> _Stored data_
------------------------------------------------------------------------

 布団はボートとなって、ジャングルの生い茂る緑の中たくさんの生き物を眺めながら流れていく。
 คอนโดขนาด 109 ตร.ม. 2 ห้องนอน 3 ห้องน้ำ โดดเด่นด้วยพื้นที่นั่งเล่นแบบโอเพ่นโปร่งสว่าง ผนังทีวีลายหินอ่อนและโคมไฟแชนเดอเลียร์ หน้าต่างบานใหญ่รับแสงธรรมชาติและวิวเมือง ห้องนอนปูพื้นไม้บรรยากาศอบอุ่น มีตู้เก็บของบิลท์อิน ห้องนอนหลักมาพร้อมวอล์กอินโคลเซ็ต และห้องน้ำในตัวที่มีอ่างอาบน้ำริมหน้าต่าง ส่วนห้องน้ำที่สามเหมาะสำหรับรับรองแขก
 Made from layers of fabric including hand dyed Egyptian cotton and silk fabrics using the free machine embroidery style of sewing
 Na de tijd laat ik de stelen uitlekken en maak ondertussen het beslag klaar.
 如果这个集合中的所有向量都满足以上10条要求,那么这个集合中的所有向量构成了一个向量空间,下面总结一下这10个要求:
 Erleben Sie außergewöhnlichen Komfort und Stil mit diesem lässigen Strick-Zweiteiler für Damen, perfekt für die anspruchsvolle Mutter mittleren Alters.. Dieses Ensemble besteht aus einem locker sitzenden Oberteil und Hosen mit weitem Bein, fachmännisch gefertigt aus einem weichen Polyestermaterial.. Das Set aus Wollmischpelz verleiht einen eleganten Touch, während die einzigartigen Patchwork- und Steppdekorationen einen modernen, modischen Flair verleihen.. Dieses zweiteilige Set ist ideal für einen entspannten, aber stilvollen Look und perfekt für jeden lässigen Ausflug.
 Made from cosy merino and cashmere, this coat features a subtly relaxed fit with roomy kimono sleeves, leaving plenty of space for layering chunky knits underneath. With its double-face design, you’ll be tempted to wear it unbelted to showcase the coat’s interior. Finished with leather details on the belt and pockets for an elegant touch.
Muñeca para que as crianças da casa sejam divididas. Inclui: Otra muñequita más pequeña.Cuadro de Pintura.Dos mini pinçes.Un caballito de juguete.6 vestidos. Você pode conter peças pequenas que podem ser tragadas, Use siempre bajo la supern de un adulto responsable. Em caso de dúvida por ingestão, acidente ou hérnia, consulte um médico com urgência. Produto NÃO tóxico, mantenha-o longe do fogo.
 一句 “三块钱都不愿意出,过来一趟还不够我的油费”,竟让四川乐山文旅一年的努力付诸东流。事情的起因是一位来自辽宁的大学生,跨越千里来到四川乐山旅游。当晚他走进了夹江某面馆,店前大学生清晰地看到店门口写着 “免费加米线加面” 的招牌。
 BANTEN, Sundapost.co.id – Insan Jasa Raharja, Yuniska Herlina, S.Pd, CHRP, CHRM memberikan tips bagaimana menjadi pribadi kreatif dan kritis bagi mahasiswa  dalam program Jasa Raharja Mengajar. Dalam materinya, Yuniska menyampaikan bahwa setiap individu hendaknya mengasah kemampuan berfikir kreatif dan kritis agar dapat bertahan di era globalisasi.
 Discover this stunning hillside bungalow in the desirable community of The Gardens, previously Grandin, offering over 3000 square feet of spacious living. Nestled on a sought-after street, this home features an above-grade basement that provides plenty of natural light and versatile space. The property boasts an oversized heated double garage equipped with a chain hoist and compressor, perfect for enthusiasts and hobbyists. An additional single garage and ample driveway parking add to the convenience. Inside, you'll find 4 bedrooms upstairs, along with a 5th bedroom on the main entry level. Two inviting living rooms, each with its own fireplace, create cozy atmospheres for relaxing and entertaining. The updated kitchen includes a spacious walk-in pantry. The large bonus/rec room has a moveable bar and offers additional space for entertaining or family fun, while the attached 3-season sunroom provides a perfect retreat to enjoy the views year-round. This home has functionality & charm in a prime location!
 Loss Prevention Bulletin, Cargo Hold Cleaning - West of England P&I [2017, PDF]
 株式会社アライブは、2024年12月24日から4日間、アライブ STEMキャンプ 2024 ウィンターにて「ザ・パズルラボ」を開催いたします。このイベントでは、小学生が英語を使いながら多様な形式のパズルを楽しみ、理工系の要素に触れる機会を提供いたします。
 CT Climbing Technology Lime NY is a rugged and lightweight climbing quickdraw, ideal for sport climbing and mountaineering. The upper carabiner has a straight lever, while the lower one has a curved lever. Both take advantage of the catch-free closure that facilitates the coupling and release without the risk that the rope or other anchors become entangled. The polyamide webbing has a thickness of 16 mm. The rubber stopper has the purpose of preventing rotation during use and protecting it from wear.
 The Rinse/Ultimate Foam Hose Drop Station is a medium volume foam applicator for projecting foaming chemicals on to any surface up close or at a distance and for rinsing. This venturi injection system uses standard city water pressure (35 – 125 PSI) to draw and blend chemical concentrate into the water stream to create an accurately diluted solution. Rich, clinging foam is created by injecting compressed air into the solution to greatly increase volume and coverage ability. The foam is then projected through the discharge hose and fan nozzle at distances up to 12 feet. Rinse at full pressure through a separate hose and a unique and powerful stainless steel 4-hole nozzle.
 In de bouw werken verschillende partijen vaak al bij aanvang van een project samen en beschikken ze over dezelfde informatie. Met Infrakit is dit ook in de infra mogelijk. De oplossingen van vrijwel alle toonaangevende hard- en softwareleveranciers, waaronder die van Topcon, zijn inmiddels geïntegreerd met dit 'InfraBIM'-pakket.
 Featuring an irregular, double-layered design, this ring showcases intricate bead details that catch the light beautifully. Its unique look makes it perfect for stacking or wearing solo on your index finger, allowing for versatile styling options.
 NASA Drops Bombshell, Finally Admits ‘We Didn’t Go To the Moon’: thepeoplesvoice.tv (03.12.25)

------------------------------------------------------------------------

> _AIM OF THE EXERCISE_
Could you retype exactly the lines above, starting at the line that contains "Discover this stunning" and ending at the line that contains "CT Climbing Technology", and nothing more?

> _RESPONSE TO THE EXERCISE_
 Discover this stunning hillside bungalow in the desirable community of The Gardens, previously Grandin, offering over 3000 square feet of spacious living. Nestled on a sought-after street, this home features an above-grade basement that provides plenty of natural light and versatile space. The property boasts an oversized heated double garage equipped with a chain hoist and compressor, perfect for enthusiasts and hobbyists. An additional single garage and ample driveway parking add to the convenience. Inside, you'll find 4 bedrooms upstairs, along with a 5th bedroom on the main entry level. Two inviting living rooms, each with its own fireplace, create cozy atmospheres for relaxing and entertaining. The updated kitchen includes a spacious walk-in pantry. The large bonus/rec room has a moveable bar and offers additional space for entertaining or family fun, while the attached 3-season sunroom provides a perfect retreat to enjoy the views year-round. This home has functionality & charm in a prime location!
 Loss Prevention Bulletin, Cargo Hold Cleaning - West of England P&I [2017, PDF]
 株式会社アライブは、2024年12月24日から4日間、アライブ STEMキャンプ 2024 ウィンターにて「ザ・パズルラボ」を開催いたします。このイベントでは、小学生が英語を使いながら多様な形式のパズルを楽しみ、理工系の要素に触れる機会を提供いたします。
 CT Climbing Technology Lime NY is a rugged and lightweight climbing quickdraw, ideal for sport climbing and mountaineering. The upper carabiner has a straight lever, while the lower one has a curved lever. Both take advantage of the catch-free closure that facilitates the coupling and release without the risk that the rope or other anchors become entangled. The polyamide webbing has a thickness of 16 mm. The rubber stopper has the purpose of preventing rotation during use and protecting it from wear.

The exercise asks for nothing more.